Dufulin (DFL, O,O′-diethyl-2-(4-methylbenzothiazol)-amino-(2-florinephenyl)phosphonate, Figure 1) is a novel α-amino phosphonate antiviral agent developed and synthesized by the Center for Research and Development of Fine Chemicals of Guizhou University. With subsequent registration of potentially bioactive DFL granted by the Ministry of Agriculture of China (Song et al., 2005; Song, Yang, Jin, & Bhadury, 2009; Song, Zhang, Yang, Hu, & Jin, 2006; Yang, Song, Hong, Jin, & Hu, 2005; Zhang et al., 2005). With growing popularity and application of DFL, standardized protocols monitoring residual DFL in agricultural products is of significant importance. So far, several analytical methods, such as high-performance liquid chromatography (HPLC)–ultraviolet (HPLC–UV) (Chen et al., 2008), ultraperformance liquid chromatography coupled with photodiode array detection (Zhang et al., 2014) and liquid chromatography with tandem mass spectrometry (Li et al., 2015) have been used to detect DFL in environmental and agricultural samples. Although these methods can qualitatively and quantitatively determine the DFL, these methods require expensive instruments and skilled analysts and are time consuming. For these reasons, the development of new and simple analytical methods to determine peptides in environmental and agricultural samples with adequate sensitivity and at lower cost is warranted (Hennion & Barcelo, 1998).
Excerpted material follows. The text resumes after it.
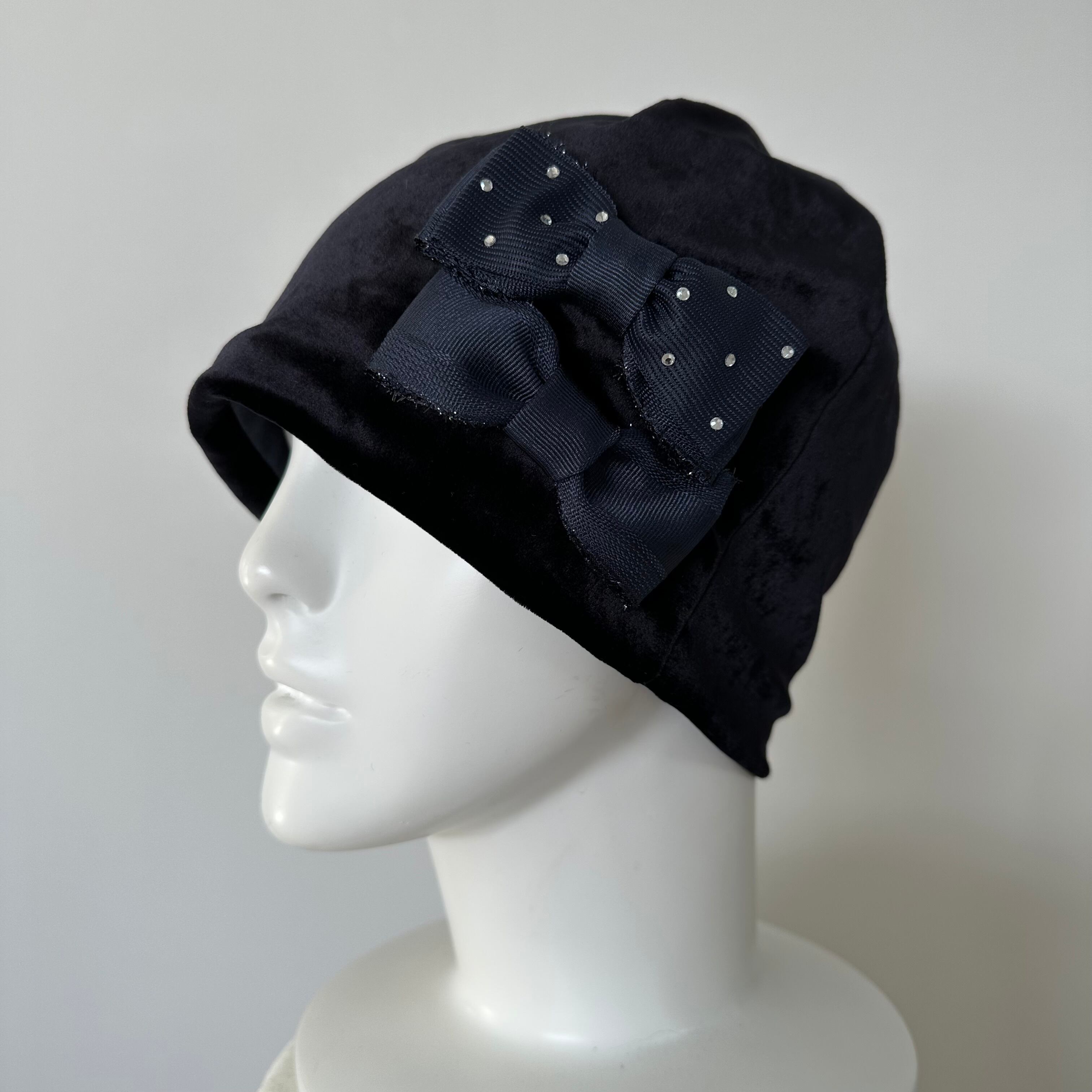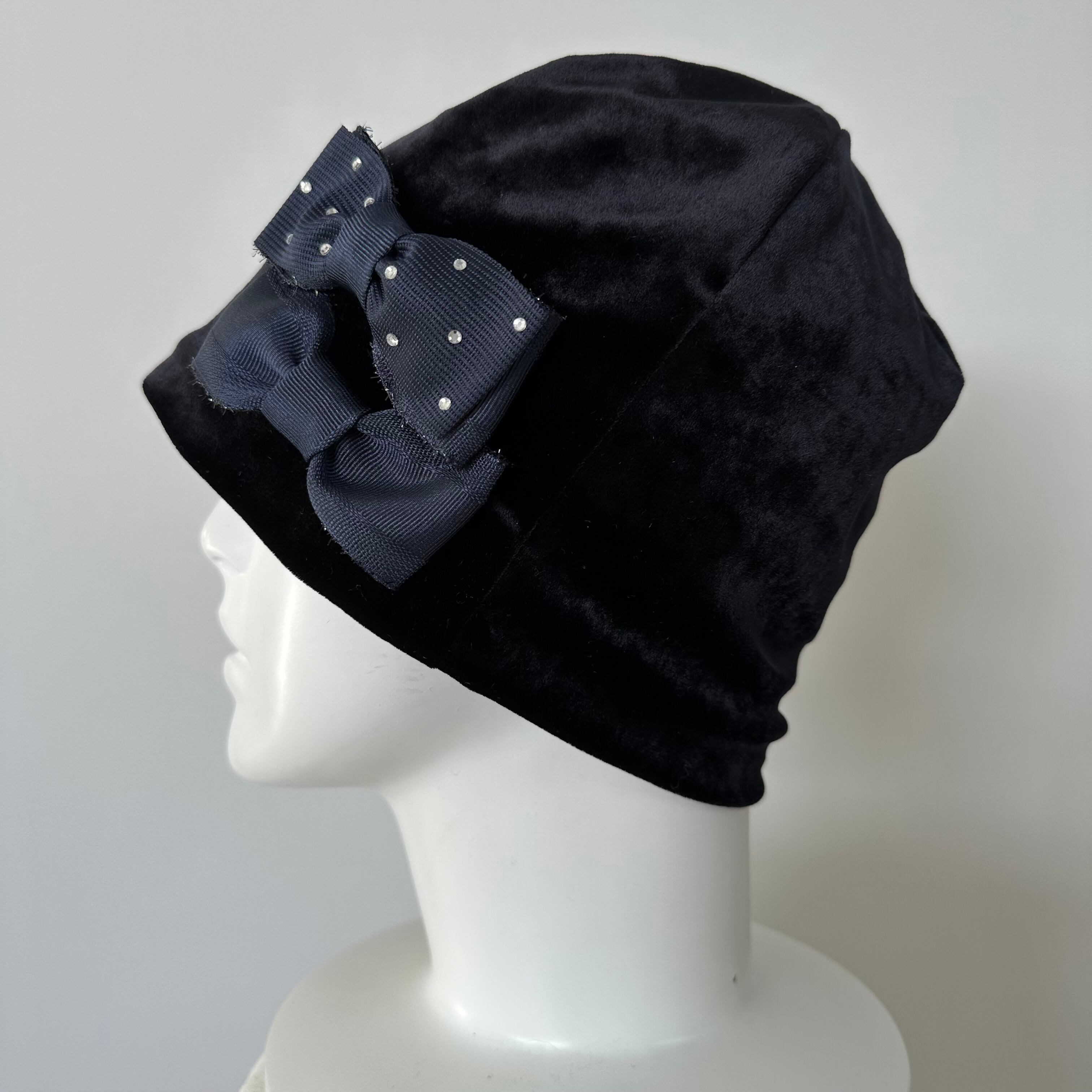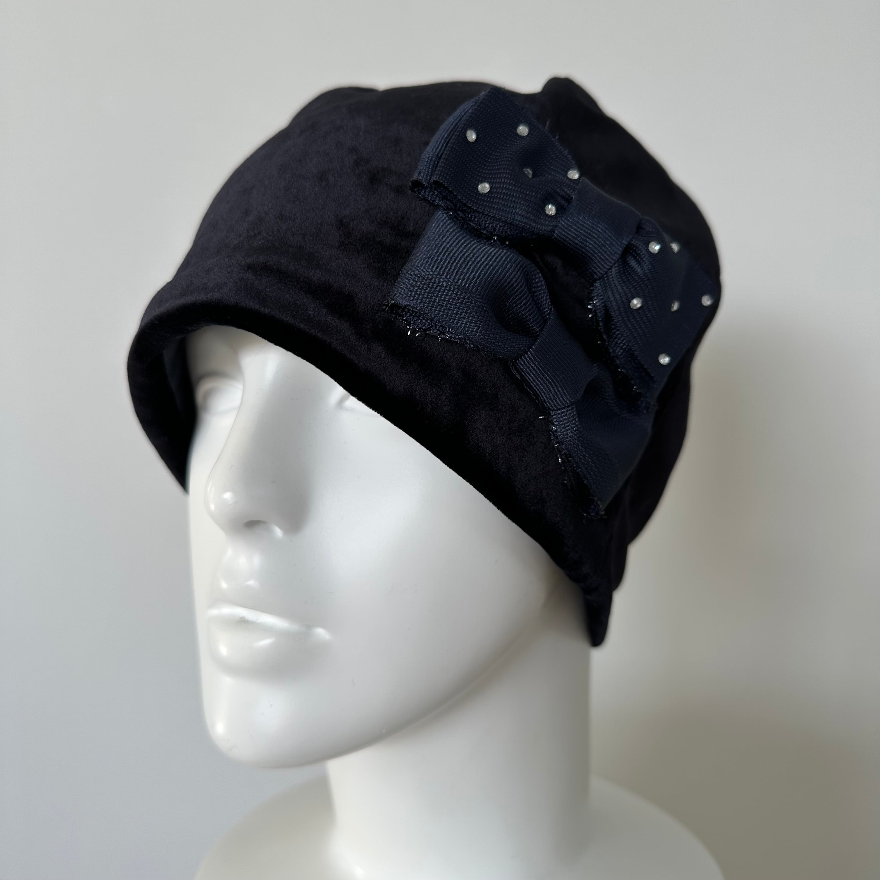 ラインストーンダブルリボンのケア帽子 ダークネイビー

Figure 1. Structures of dufulin and hapten for dufulin (DHS)

Toward this end, methods such as an enzyme-linked immunosorbent assay (ELISA) are a low cost, portable and sensitive means of screening a large amount of samples (Gui, Jin, Chen, Cheng, & Zhu, 2006; Pyo, Lee, & Choi, 2005; Watanabe et al., 2006; Zhu, Song, Liu, Kuang, & Xu, 2016). Therefore, an ELISA is a practical tool for routine monitoring of residual DFL in agricultural products. However, to the best of our knowledge, there has not been development of a polyclonal antibody (pAb)-based indirect competitive (ic)-ELISA method utilized to ascertain DFL levels. We describe, for the first time, the preparation of a pAb that specifically recognizes DFL, and we developed a simple and sensitive indirect ELISA (ic-ELISA) to allow for simultaneous detection of DFL in environmental and agricultural samples and confirmed the results of our developed method via HPLC.

Materials and methods

Reagents and materials

The DFL standard was obtained from our centre. Phoxim, parathion, fenthion, fenitrothion, chlorpyrifos, and 6-aminohexanoic acid were purchased from the National Standards Co. (Beijing, China). Bovine serum albumin (BSA, molecular weight [MW] = 67,000), ovalbumin (OVA, MW = 45,000), complete Freund’s adjuvant (CFA), incomplete Freund’s adjuvant (IFA), goat anti-rabbit IgG–horseradish peroxidase (HRP) conjugate, 1-(3-dimethylaminopropyl)-3-ethylcarbodiimide hydrochloride) (EDC), gelatine and skim milk were purchased from Sigma-Aldrich (St. Louis, MO, USA). O-phenylenediamine (OPD) polyethylene sorbitan monolaurate (Tween 20) was procured from Shanghai Chemical Reagents Co. (Shanghai, China). Polystyrene 96-well microtiter plates were obtained from Costar (Corning, MA, USA). All reagents were of analytical grade unless otherwise specified.

Instruments

Ultraviolet–visible (UV–VIS) spectra were recorded on a spectrophotometer (TU-1901, Persee, China). Plate washing was carried out in an ELx405 microplate washer (BioTek Instruments; Winooski, VT, USA), and absorbance was measured with a 680-plate reader (Bio-Rad, Hercules, CA, USA). Regarding HPLC instrumentation, Agilent 1100 chromatographic equipment was fitted with a diode array detector (DAD) and a Kromasil C18 column (5 μm particle size, 250 × 4.6 mm, Agilent, USA). Ultrapure water (18.2 MΩ) obtained from a Millipore Milli-Q ultrapure water system (Millipore, Bedford, MA, USA)

Buffers and solutions

Multiple buffers and solutions were used for ELISA. The coating buffer was a 50 mM carbonate buffer (pH 9.6); phosphate-buffered saline (PBS, pH 7.4) was composed of 138 mM NaCl, 1.5 mM KH₂PO₄, 7 mM Na₂HPO₄ and 2.7 mM KCl, and the washing solution (PBST) consisted of PBS and 0.05% Tween 20 (v/v). The blocking buffer was 5% skim milk in PBS (w/v), and the dilution buffer was identical to that of the blocking buffer. The substrate diluent solution contained 24.3 ml of 100 mM citric acid and 25.7 ml of 200 mM Na₂HPO₄ per 100 ml of water, pH 5.0. The substrate solution was prepared by adding 0.4 g l⁻¹ OPD and 10 μl of 30% H₂O₂ per 25 ml of above-mentioned substrate diluent solution; 2 M H₂SO₄ was used as a stop solution and used throughout our study. Analyte stock solutions (1 mg ml⁻¹) were prepared in methanol.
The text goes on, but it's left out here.